Any recommendations - anyone?

Many thanks

[edited by: tedster at 7:21 pm (utc) on Aug. 11, 2007]
[edit reason] switch to example.com - it can never be owned [/edit]

jdMorgan

5:12 pm on Aug 11, 2007 (gmt 0)

WebmasterWorld Senior Member 10+ Year Member



Review the cited thread carefully, especially the second post. You must use mod_rewrite to avoid an "infinite" loop that will otherwise occur between the DirectoryIndex directive rewriting "/" to "index.html" and your mod_alias Redirect directive attempting to redirect "index.html" to "/". These two functions will interact, resulting in a loop.

This can be easily avoided by checking to make sure that the request for "index.html" is coming from a client, rather than being the result of the internal DirectoryIndex rewrite function. Checking the server variable %{THE_REQUEST} (as demonstrated in the cited thread) is the key to making this work.

Jim

grahame54

7:37 pm on Aug 11, 2007 (gmt 0)

10+ Year Member



Jim

Many thanks for your reply but is there a potential problem with that approach?

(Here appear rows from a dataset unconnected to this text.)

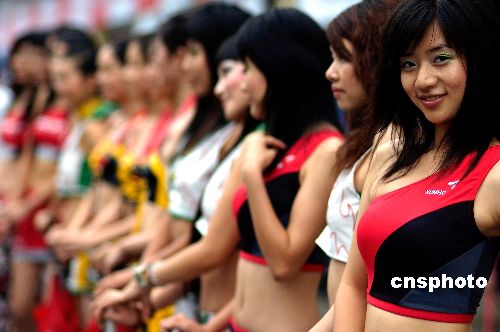 5月28日,全国汽车场地锦标赛珠海第3站的比赛精彩落幕,赛道佳丽们比参赛选手更受摄影师的关注。中新社发 双人鱼 摄
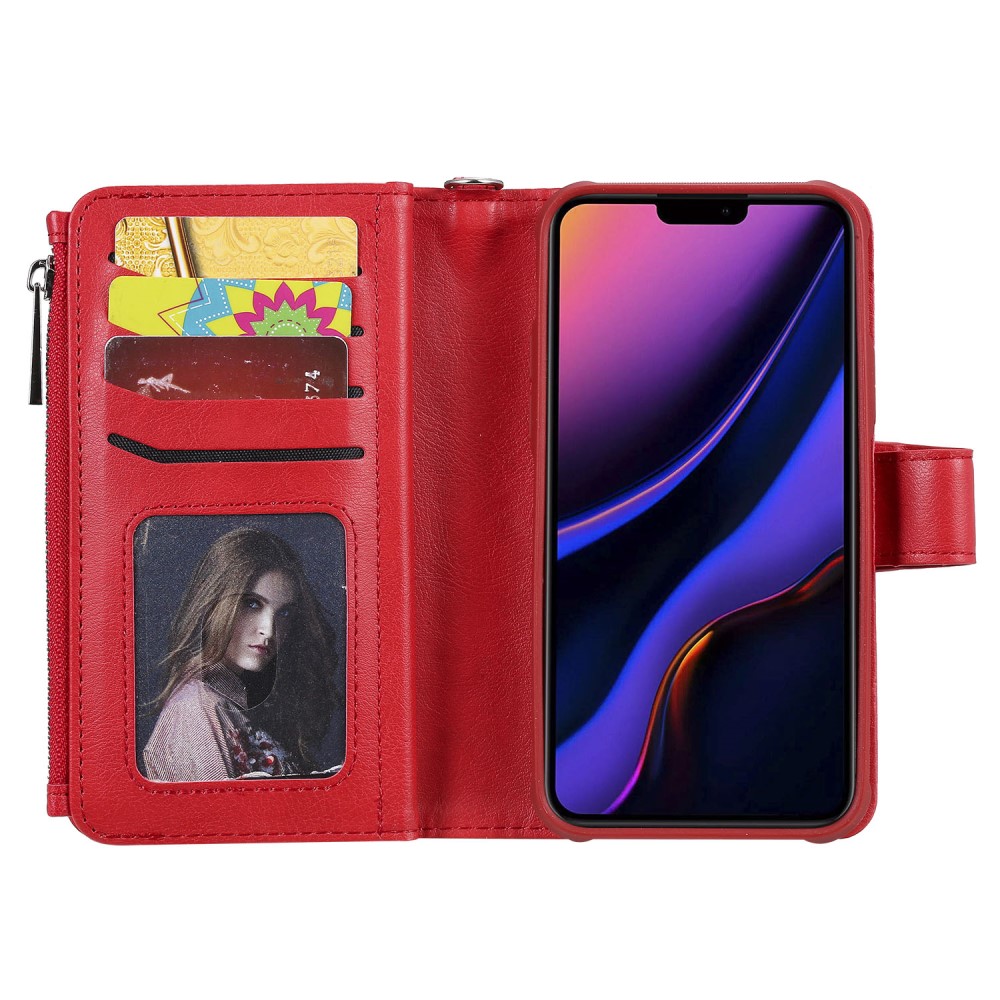 iPhone 11 Pro 2-i-1 Flipcover af læder og pung med lynlås – Rød
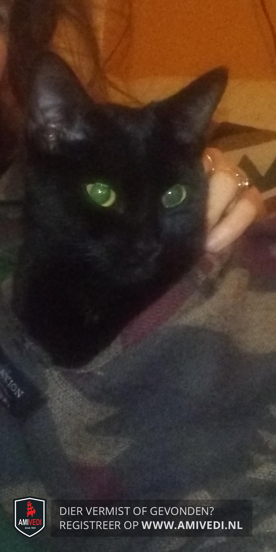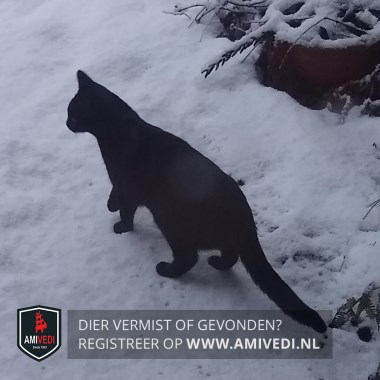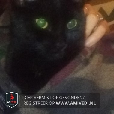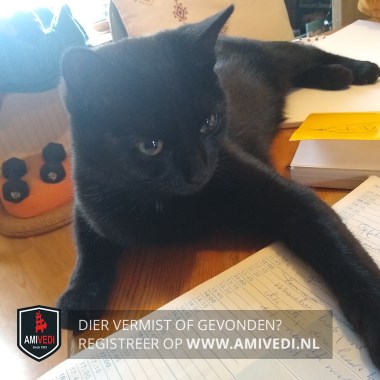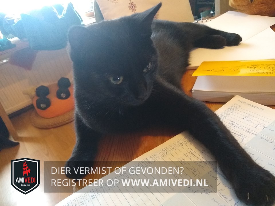 | Signalement | Geheel zwarte kater met enkele nauwelijks zichtbare witte haartjes op de borst. Redelijk groot voor zijn leeftijd. Geel/ groene ogen. |

Will this technique permanently inform Google that www.example.com/ and www.example.com/index.htm are exactly the same location and that the PR should be permanently merged?

What I need is a cast-iron method of informing Google that this is the case. For that I think I need a 301 and I'm uncertain that a 301 on-the-fly will do the trick.

In my first post I said that my index.htm was substituted with a completely unrelated (i.e. default) index.htm. In fact this is not quite the case. Looking again, I see that my index.htm was substituted with a default index.html. I think the index.htm vs index.html issue has confused Google.

The external backlinks mostly point to www.domain.com/ and the internal links point to www.domain.com/index.htm.

Frankly I'd much prefer to migrate to another host *if* that will solve the problem - it's too important to be left as it is.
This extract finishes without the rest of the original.